Did you try all the things suggested in the error message?
On Nov 3, 2007, at 6:50 AM, KURIYAN ARIMBOOR wrote:
> Hi
> I am running two linux redhat 4es machines (cfd004, cfd005). I want
> to use lam on these machines.
> I have installed lam on both. rsh is also working fine between two
> of them. There is no firewall active.
> But when I lamboot from cfd005 to cfd004 it is working fine.

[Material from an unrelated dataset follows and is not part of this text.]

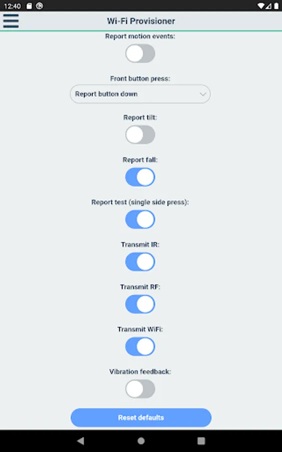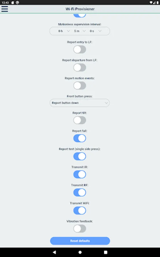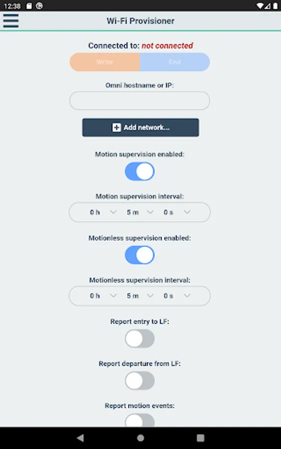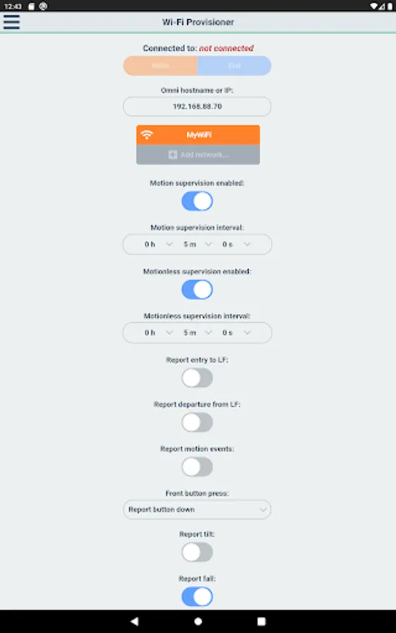 The utility is used to configure Centrak Elpas Man Down Wi-Fi Tags. It awaits the tag to connect to the handset device configured as a hot spot with name 'TagSetup' and password '11223344' by pressing any of the tag side buttons for 10 seconds. By pressing the 'Write' button, once the tag has been connected, the new tag configuration will be transferred. By just repeating the procedure, the user can configure many wi-fi tags in no time.

> But when I lamboot from cfd004 to cfd005 it is giving me error.
>
> ---------------------------------------------------------------------------------------------------------------------------------------------
> lamboot -d hosts
> n-1<23204> ssi:boot:open: opening
> n-1<23204> ssi:boot:open: opening boot module globus
> n-1<23204> ssi:boot:open: opened boot module globus
> n-1<23204> ssi:boot:open: opening boot module rsh
> n-1<23204> ssi:boot:open: opened boot module rsh
> n-1<23204> ssi:boot:open: opening boot module slurm
> n-1<23204> ssi:boot:open: opened boot module slurm
> n-1<23204> ssi:boot:select: initializing boot module slurm
> n-1<23204> ssi:boot:slurm: not running under SLURM
> n-1<23204> ssi:boot:select: boot module not available: slurm
> n-1<23204> ssi:boot:select: initializing boot module globus
> n-1<23204> ssi:boot:globus: globus-job-run not found, globus boot
> will not run
> n-1<23204> ssi:boot:select: boot module not available: globus
> n-1<23204> ssi:boot:select: initializing boot module rsh
> n-1<23204> ssi:boot:rsh: module initializing
> n-1<23204> ssi:boot:rsh:agent: rsh
> n-1<23204> ssi:boot:rsh:username: <same>
> n-1<23204> ssi:boot:rsh:verbose: 1000
> n-1<23204> ssi:boot:rsh:algorithm: linear
> n-1<23204> ssi:boot:rsh:no_n: 0
> n-1<23204> ssi:boot:rsh:no_profile: 0
> n-1<23204> ssi:boot:rsh:fast: 0
> n-1<23204> ssi:boot:rsh:ignore_stderr: 0
> n-1<23204> ssi:boot:rsh:priority: 10
> n-1<23204> ssi:boot:select: boot module available: rsh, priority: 10
> n-1<23204> ssi:boot:select: finalizing boot module slurm
> n-1<23204> ssi:boot:slurm: finalizing
> n-1<23204> ssi:boot:select: closing boot module slurm
> n-1<23204> ssi:boot:select: finalizing boot module globus
> n-1<23204> ssi:boot:globus: finalizing
> n-1<23204> ssi:boot:select: closing boot module globus
> n-1<23204> ssi:boot:select: selected boot module rsh
>
> LAM 7.1.1/MPI 2 C++/ROMIO - Indiana University
>
> n-1<23204> ssi:boot:base: looking for boot schema in following
> directories:
> n-1<23204> ssi:boot:base: <current directory>
> n-1<23204> ssi:boot:base: $TROLLIUSHOME/etc
> n-1<23204> ssi:boot:base: $LAMHOME/etc
> n-1<23204> ssi:boot:base: /usr/local/etc
> n-1<23204> ssi:boot:base: looking for boot schema file:
> n-1<23204> ssi:boot:base: hosts
> n-1<23204> ssi:boot:base: found boot schema: hosts
> n-1<23204> ssi:boot:rsh: found the following hosts:
> n-1<23204> ssi:boot:rsh: n0 cfd004 (cpu=1)
> n-1<23204> ssi:boot:rsh: n1 cfd005 (cpu=1)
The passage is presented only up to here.